As cotizações devidas baseiam-se nos rendimentos do segurado. Contudo, nos termos do n.o 2 do artigo 12.o, as pessoas normalmente obrigadas a pagar cotizações não terão de o fazer se, para além da actividade como trabalhador independente, exercerem habitualmente e a título principal outra actividade profissional e se os seus rendimentos profissionais como trabalhador independente não excederem determinado limite.
3.
O âmbito de aplicação do n.o 2 do artigo 12.o do decreto foi alargado pelo artigo 37.o do decreto real de 19 de Dezembro de 1967 (a seguir «artigo 37.o»). Esta disposição veio permitir que as mulheres casadas, as viúvas e os estudantes que não preenchessem a condição relativa ao exercício de outra actividade profissional pudessem solicitar a sua equiparação às pessoas a que se refere o n.o 2 do artigo 12.o do decreto. Os demandados sustentam que o objectivo da concessão deste benefício não foi esclarecido no momento da sua instituição, mas o Governo belga explicou no decurso do presente processo que ele visava isentar da obrigação de pagamento de cotizações determinadas categorias de pessoas, como as domésticas e os estudantes, que exercessem uma actividade como trabalhador independente a título subsidiário, mas cuja actividade principal não constituísse «actividade profissional», na acepção do direito do trabalho. Qualquer actividade como trabalhador independente exercida por essas pessoas seria necessariamente limitada no tempo, e os rendimentos delas retirados necessariamente reduzidos, mas antes da adopção do artigo 37.o as referidas pessoas não podiam invocar o n.o 2 do artigo 12.o do decreto.
4.
No processo principal, os demandados sustentam que o facto de o artigo 37.o não alargar aos homens casados os direitos que atribuiu às mulheres casadas, às viúvas e aos estudantes é contrário à Directiva 79/7. Em consequência, foi submetida a seguinte questão prejudicial ao Tribunal de Justiça:
«O artigo 37.o do decreto real de 19 de Dezembro de 1967 que institui o regulamento geral de execução do Decreto Real n.o 38, de 27 de Julho de 1967, que estabelece o estatuto social dos trabalhadores independentes, é conforme com a Directiva (79/7/CEE) de 19 de Dezembro de 1978, relativa à realização progressiva do princípio da igualdade de tratamento entre homens e mulheres em matéria de segurança social?»
5.
O Tribunal de Justiça não pode manifestamente responder a esta questão tal como está redigida, visto que lhe é pedido que se pronuncie sobre a compatibilidade de uma determinada disposição do direito belga com a Directiva 79/7. É jurisprudência constante que o Tribunal de Justiça não tem competência, nos termos do artigo 177.o, para uma tal decisão (ver, por exemplo, o acórdão de 7 de Março de 1990, Krantz, C-69/88, Colect., p.

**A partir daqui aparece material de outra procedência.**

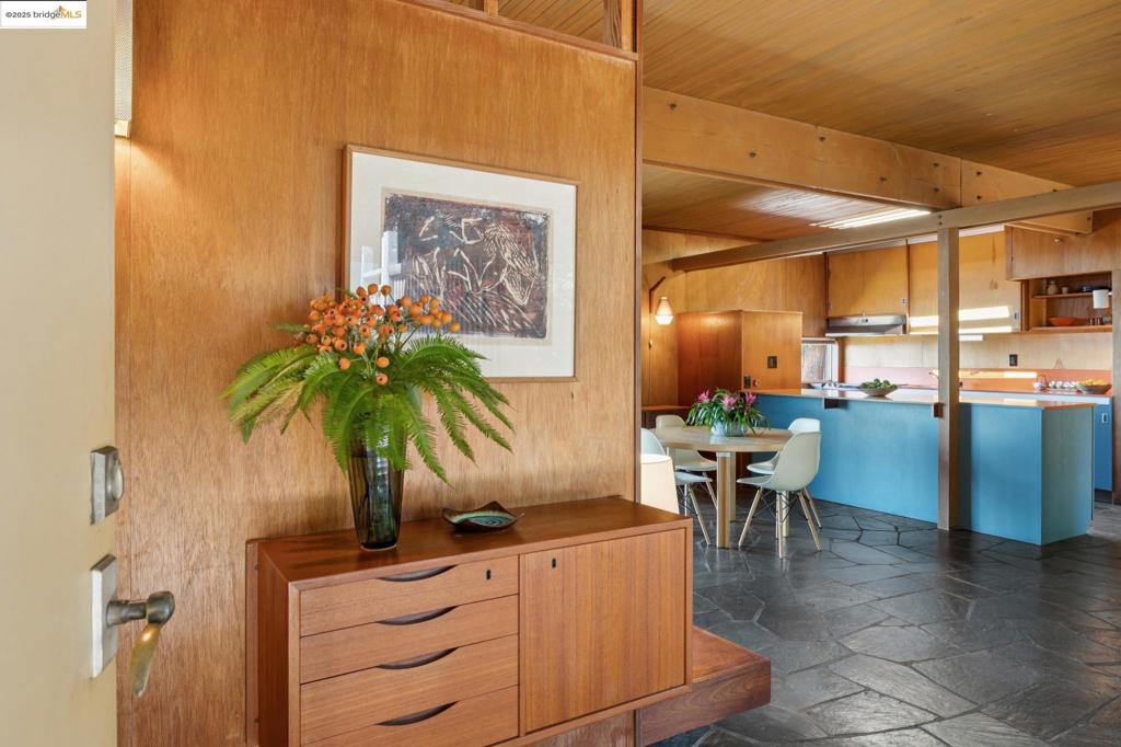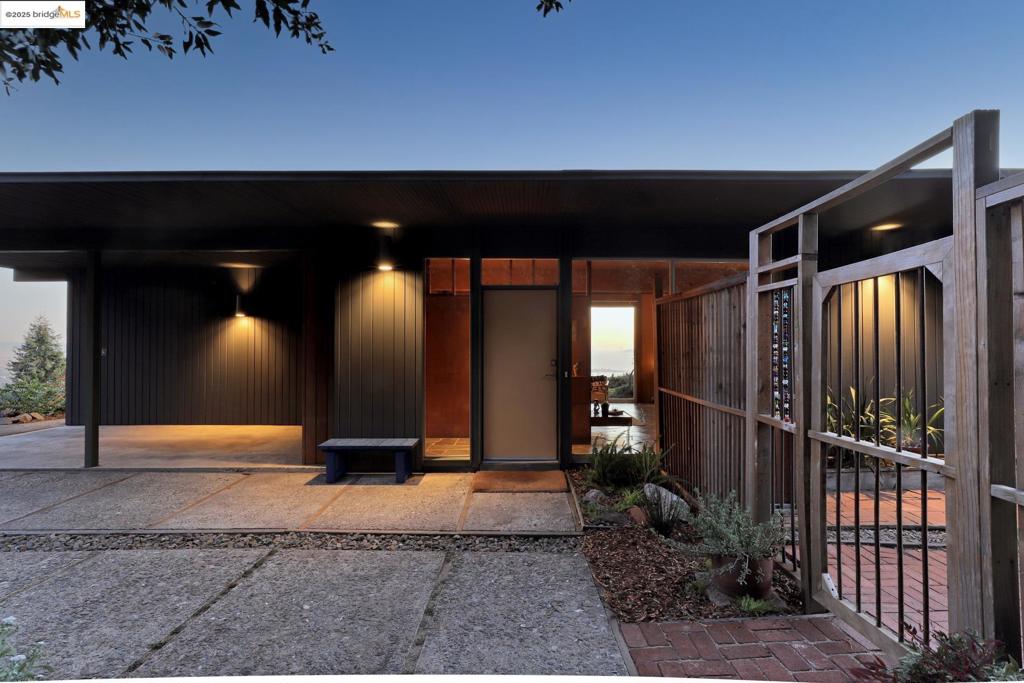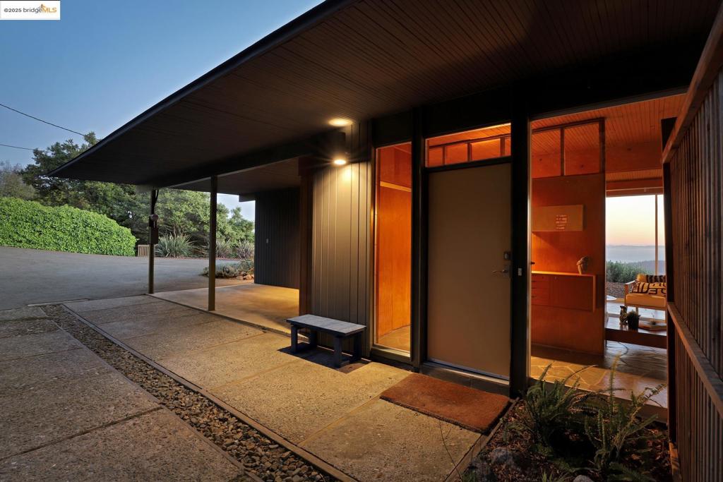Discover this rare Mid-century modern jewel with breathtaking panoramic Bay views from its coveted location in the Maybeck Estates of the Kensington hills. Tucked away at the end of a private road, this architectural treasure rests on an expansive, over half-acre, lot surrounded by tranquility. This single-level home is a celebration of its original design, offering a quintessential California indoor-outdoor living experience. Each room features dramatic floor-to-ceiling glass doors, seamlessly connecting the interior to natural surroundings. The home is a showcase of authentic architectural elements, including wood-paneled walls, exposed wood-beamed ceilings, and gorgeous slate floors, all contributing to its unique character and charm. The heart of the home is the open living room, anchored by a striking fireplace that provides a focal point for relaxation and entertaining. This dramatic feature is complemented by the vibrant orange kitchen counters, creating a visually captivating space. Down the hallway, both the primary bedroom and the generously sized second bedroom, offer comfortable and private retreats. An attached bonus room with separate entrance is ideal for office/guest room. Don’t miss your chance to experience the magic of this remarkable home.

I-583). Assim, eu interpretaria a questão como perguntando ao Tribunal de Justiça se uma disposição de direito nacional que permite que as mulheres casadas, as viúvas e os estudantes, que exerçam uma actividade profissional como trabalhador independente, solicitem a dispensa da obrigação do pagamento de contribuições para a segurança social quando os seus rendimentos auferidos a esse título não excedam determinado montante, e isto apesar de não exercerem qualquer outra actividade remunerada, é compatível com a Directiva 79/7 se a mesma faculdade não for atribuída aos homens casados e aos viúvos. Embora o litígio pendente no órgãojurisdicional de reenvio diga respeito aos direitos de um homem casado, ninguém sugeriu que haja qualquer diferença significativa entre a situação dos homens casados e a dos viúvos.
A Directiva 79/7
6.
A Directiva 79/7 visa, de acordo com o seu artigo 1.o, «a realização progressiva... do princípio da igualdade de tratamento entre homens e mulheres em matéria de segurança social». O artigo 2.o da directiva estabelece:
«A presente directiva aplica-se à população activa, incluindo os trabalhadores independentes, os trabalhadores cuja actividade seja interrompida por doença, acidente ou desemprego involuntário, e às pessoas à procura de emprego, bem como aos trabalhadores reformados e aos trabalhadores inválidos.»
Nos termos do n.o 1, alínea a), do artigo 3.o, a directiva aplica-se aos regimes legais que assegurem uma protecção contra (entre outros riscos) a doença, a invalidez e a velhice. A directiva não se aplica às prestações de sobreviventes nem às prestações familiares «excepto se se tratar de prestações familiares concedidas a título de acréscimo às prestações devidas em razão dos riscos referidos na alínea a) do n.o 1» (n.o 2 do artigo 3.o).
7.
O n.o 1 do artigo 4.o da directiva estabelece:
«O princípio da igualdade de tratamento implica a ausência de qualquer discriminação em razão do sexo, quer directa quer indirectamente, por referência, nomeadamente, ao estado civil ou familiar especialmente no que respeita ... à obrigação de pagar as cotizações e ao cálculo destas...».
8.
Como é sublinhado pela Comissão, o artigo 4.o proíbe assim qualquer discriminação em razão do sexo no que se refere à obrigação de cotização para os regimes legais de segurança social que assegurem protecção contra a doença, invalidez e velhice. Todos estes riscos estão abrangidos pelo decreto. Além disso, resulta do artigo 2.o da directiva que J. Leloup estava abrangido pelo seu âmbito de aplicação pessoal.
9.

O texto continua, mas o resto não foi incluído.